> DATASET RECORDS
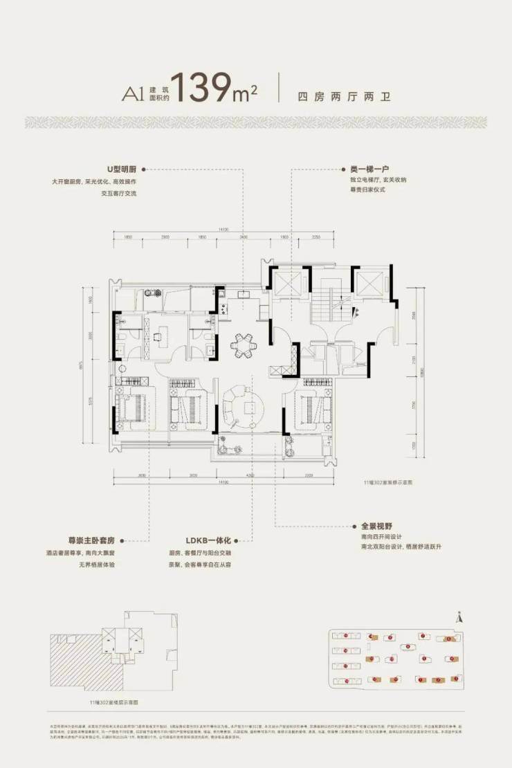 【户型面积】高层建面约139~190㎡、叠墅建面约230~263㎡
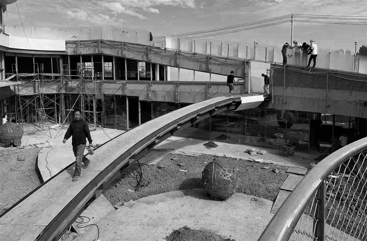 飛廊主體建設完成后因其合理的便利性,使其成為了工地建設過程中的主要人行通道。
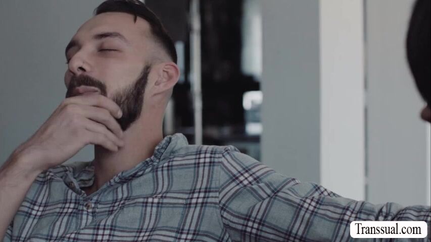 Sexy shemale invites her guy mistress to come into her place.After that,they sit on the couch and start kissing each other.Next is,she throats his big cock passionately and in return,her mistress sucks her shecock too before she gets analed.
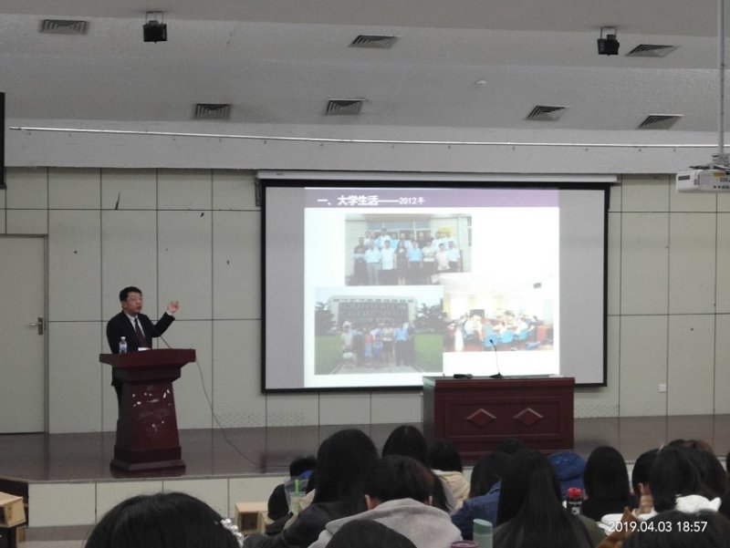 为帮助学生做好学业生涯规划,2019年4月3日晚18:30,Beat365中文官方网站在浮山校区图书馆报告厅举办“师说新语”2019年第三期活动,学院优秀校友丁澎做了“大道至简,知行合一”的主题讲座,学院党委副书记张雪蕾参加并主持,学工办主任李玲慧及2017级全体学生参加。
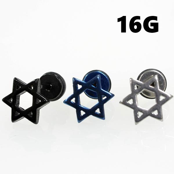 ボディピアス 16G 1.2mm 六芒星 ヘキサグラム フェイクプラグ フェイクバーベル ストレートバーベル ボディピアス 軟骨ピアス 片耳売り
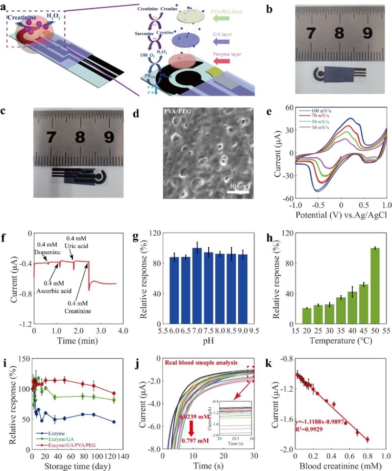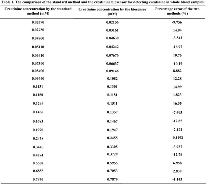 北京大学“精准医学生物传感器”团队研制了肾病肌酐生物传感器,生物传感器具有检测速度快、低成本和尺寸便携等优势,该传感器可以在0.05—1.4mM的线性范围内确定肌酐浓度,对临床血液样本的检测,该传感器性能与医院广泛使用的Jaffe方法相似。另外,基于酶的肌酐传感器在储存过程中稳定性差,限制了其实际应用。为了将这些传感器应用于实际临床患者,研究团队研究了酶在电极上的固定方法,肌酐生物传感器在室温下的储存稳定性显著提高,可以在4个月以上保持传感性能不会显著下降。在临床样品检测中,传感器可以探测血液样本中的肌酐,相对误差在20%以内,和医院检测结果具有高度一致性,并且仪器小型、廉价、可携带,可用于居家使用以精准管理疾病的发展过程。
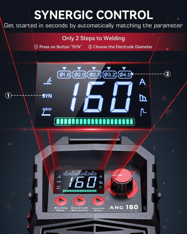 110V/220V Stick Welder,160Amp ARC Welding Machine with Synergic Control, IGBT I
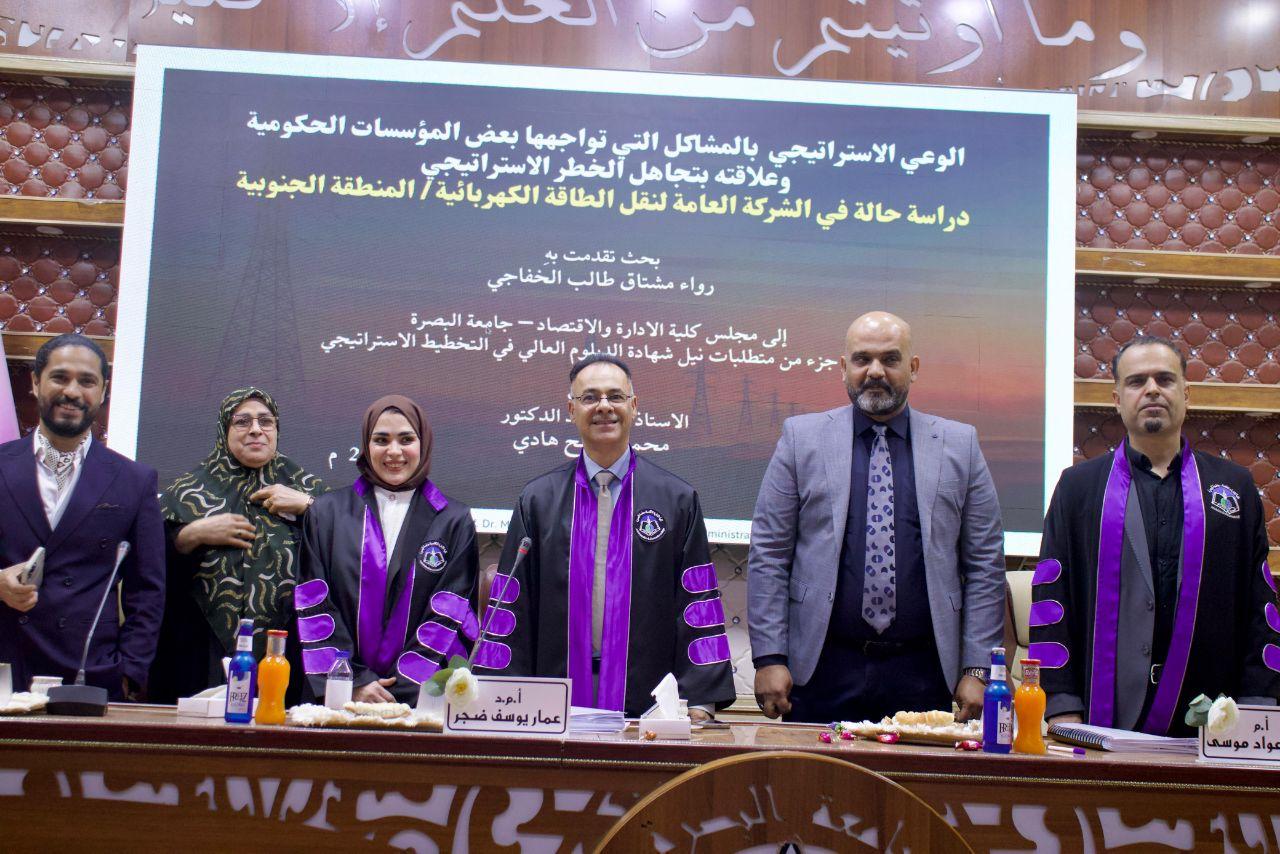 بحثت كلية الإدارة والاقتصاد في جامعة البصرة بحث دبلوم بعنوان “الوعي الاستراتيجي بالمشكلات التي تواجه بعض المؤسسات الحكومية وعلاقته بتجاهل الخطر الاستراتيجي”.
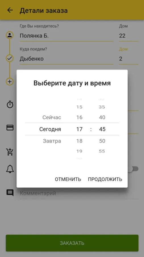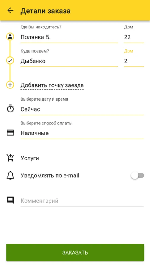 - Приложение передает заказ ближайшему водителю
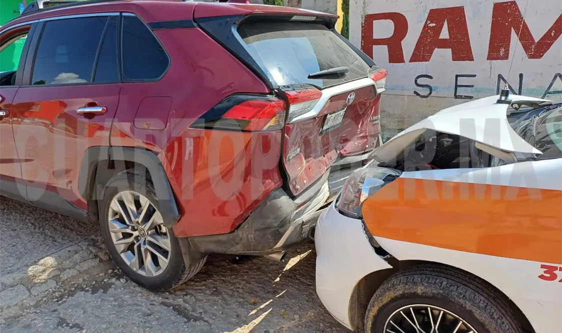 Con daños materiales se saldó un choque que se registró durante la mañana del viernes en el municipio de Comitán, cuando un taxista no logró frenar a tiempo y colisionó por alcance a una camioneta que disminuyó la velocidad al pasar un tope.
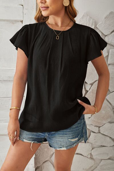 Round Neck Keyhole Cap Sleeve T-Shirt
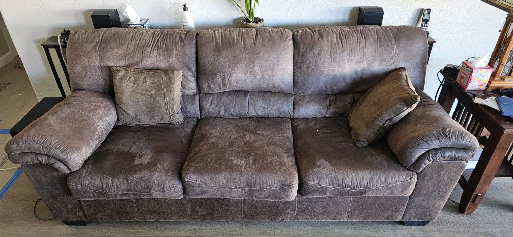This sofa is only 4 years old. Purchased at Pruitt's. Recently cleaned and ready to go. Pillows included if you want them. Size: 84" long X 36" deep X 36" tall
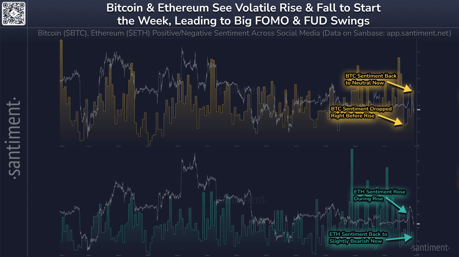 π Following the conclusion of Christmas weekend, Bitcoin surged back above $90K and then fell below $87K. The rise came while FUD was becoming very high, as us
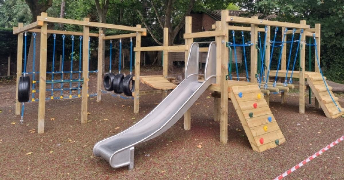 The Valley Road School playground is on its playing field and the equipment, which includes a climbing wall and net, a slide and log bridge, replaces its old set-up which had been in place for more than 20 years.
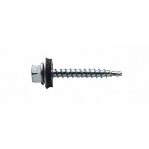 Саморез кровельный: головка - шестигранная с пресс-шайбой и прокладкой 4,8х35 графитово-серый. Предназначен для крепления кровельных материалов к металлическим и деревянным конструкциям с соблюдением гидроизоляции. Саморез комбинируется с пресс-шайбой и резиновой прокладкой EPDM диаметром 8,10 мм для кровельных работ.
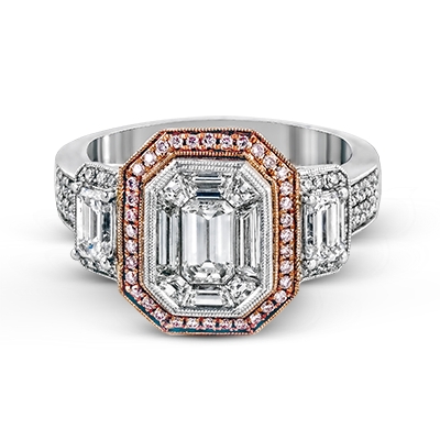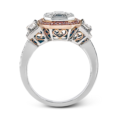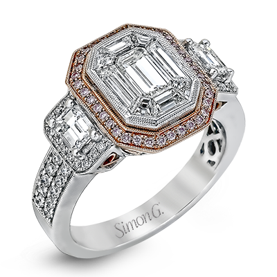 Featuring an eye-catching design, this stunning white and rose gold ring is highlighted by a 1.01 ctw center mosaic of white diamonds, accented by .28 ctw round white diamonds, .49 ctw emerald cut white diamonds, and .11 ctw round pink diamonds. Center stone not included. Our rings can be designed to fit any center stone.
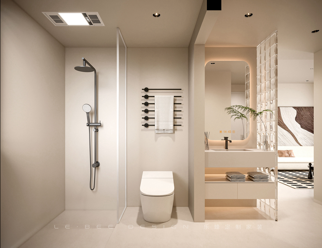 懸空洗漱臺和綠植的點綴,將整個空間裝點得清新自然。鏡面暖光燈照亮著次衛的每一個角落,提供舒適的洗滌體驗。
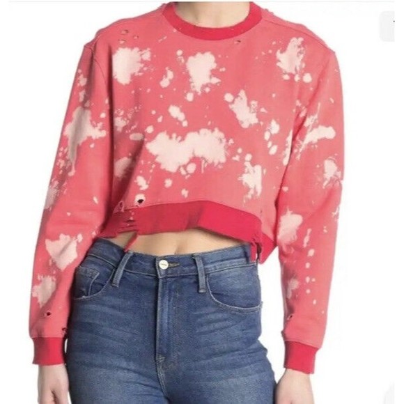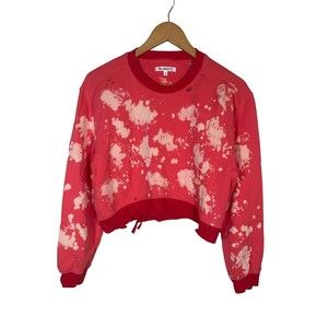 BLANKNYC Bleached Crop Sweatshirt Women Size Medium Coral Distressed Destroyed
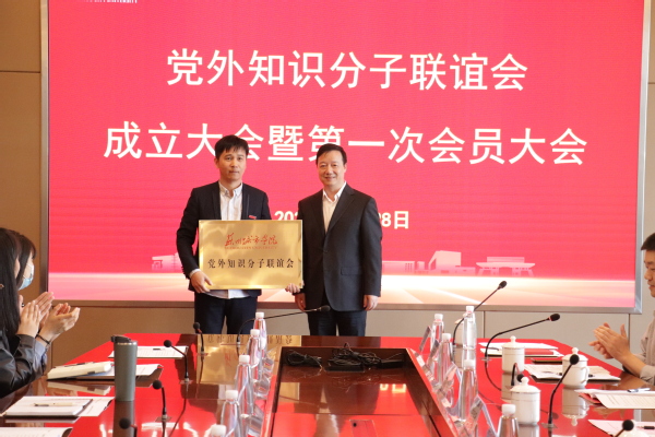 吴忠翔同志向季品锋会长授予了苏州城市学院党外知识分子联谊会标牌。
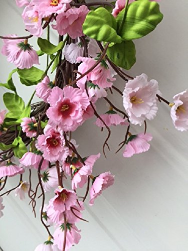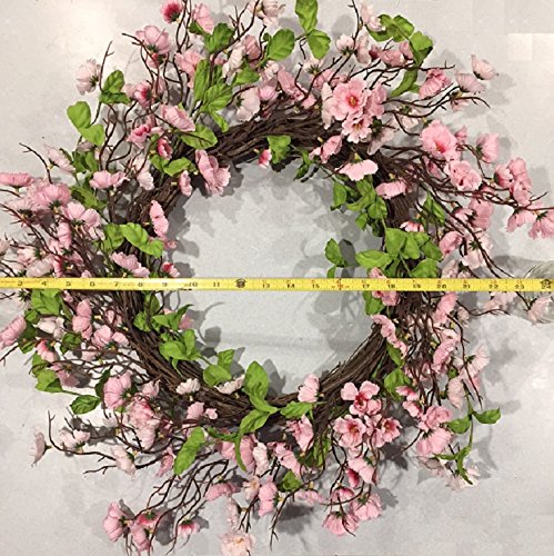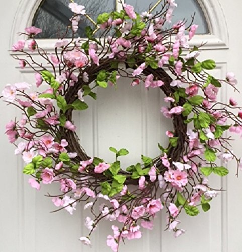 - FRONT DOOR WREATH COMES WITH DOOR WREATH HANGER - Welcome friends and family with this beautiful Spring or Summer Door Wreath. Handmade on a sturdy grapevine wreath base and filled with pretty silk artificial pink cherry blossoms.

> DIRECTIONS FOR THIS TASK
What you output should match the records line for line, minus the pictures.

> RESPONSE AREA
 【户型面积】高层建面约139~190㎡、叠墅建面约230~263㎡
 飛廊主體建設完成后因其合理的便利性,使其成為了工地建設過程中的主要人行通道。
 Sexy shemale invites her guy mistress to come into her place.After that,they sit on the couch and start kissing each other.Next is,she throats his big cock passionately and in return,her mistress sucks her shecock too before she gets analed.
 为帮助学生做好学业生涯规划,2019年4月3日晚18:30,Beat365中文官方网站在浮山校区图书馆报告厅举办“师说新语”2019年第三期活动,学院优秀校友丁澎做了“大道至简,知行合一”的主题讲座,学院党委副书记张雪蕾参加并主持,学工办主任李玲慧及2017级全体学生参加。
 ボディピアス 16G 1.2mm 六芒星 ヘキサグラム フェイクプラグ フェイクバーベル ストレートバーベル ボディピアス 軟骨ピアス 片耳売り
 北京大学“精准医学生物传感器”团队研制了肾病肌酐生物传感器,生物传感器具有检测速度快、低成本和尺寸便携等优势,该传感器可以在0.05—1.4mM的线性范围内确定肌酐浓度,对临床血液样本的检测,该传感器性能与医院广泛使用的Jaffe方法相似。另外,基于酶的肌酐传感器在储存过程中稳定性差,限制了其实际应用。为了将这些传感器应用于实际临床患者,研究团队研究了酶在电极上的固定方法,肌酐生物传感器在室温下的储存稳定性显著提高,可以在4个月以上保持传感性能不会显著下降。在临床样品检测中,传感器可以探测血液样本中的肌酐,相对误差在20%以内,和医院检测结果具有高度一致性,并且仪器小型、廉价、可携带,可用于居家使用以精准管理疾病的发展过程。
 110V/220V Stick Welder,160Amp ARC Welding Machine with Synergic Control, IGBT I
 بحثت كلية الإدارة والاقتصاد في جامعة البصرة بحث دبلوم بعنوان “الوعي الاستراتيجي بالمشكلات التي تواجه بعض المؤسسات الحكومية وعلاقته بتجاهل الخطر الاستراتيجي”.
 - Приложение передает заказ ближайшему водителю
 Con daños materiales se saldó un choque que se registró durante la mañana del viernes en el municipio de Comitán, cuando un taxista no logró frenar a tiempo y colisionó por alcance a una camioneta que disminuyó la velocidad al pasar un tope.
 Round Neck Keyhole Cap Sleeve T-Shirt
This sofa is only 4 years old. Purchased at Pruitt's. Recently cleaned and ready to go. Pillows included if you want them. Size: 84" long X 36" deep X 36" tall
 π Following the conclusion of Christmas weekend, Bitcoin surged back above $90K and then fell below $87K. The rise came while FUD was becoming very high, as us
 The Valley Road School playground is on its playing field and the equipment, which includes a climbing wall and net, a slide and log bridge, replaces its old set-up which had been in place for more than 20 years.
 Саморез кровельный: головка - шестигранная с пресс-шайбой и прокладкой 4,8х35 графитово-серый. Предназначен для крепления кровельных материалов к металлическим и деревянным конструкциям с соблюдением гидроизоляции. Саморез комбинируется с пресс-шайбой и резиновой прокладкой EPDM диаметром 8,10 мм для кровельных работ.
 Featuring an eye-catching design, this stunning white and rose gold ring is highlighted by a 1.01 ctw center mosaic of white diamonds, accented by .28 ctw round white diamonds, .49 ctw emerald cut white diamonds, and .11 ctw round pink diamonds. Center stone not included. Our rings can be designed to fit any center stone.
 懸空洗漱臺和綠植的點綴,將整個空間裝點得清新自然。鏡面暖光燈照亮著次衛的每一個角落,提供舒適的洗滌體驗。
 BLANKNYC Bleached Crop Sweatshirt Women Size Medium Coral Distressed Destroyed
 吴忠翔同志向季品锋会长授予了苏州城市学院党外知识分子联谊会标牌。
 - FRONT DOOR WREATH COMES WITH DOOR WREATH HANGER - Welcome friends and family with this beautiful Spring or Summer Door Wreath. Handmade on a sturdy grapevine wreath base and filled with pretty silk artificial pink cherry blossoms.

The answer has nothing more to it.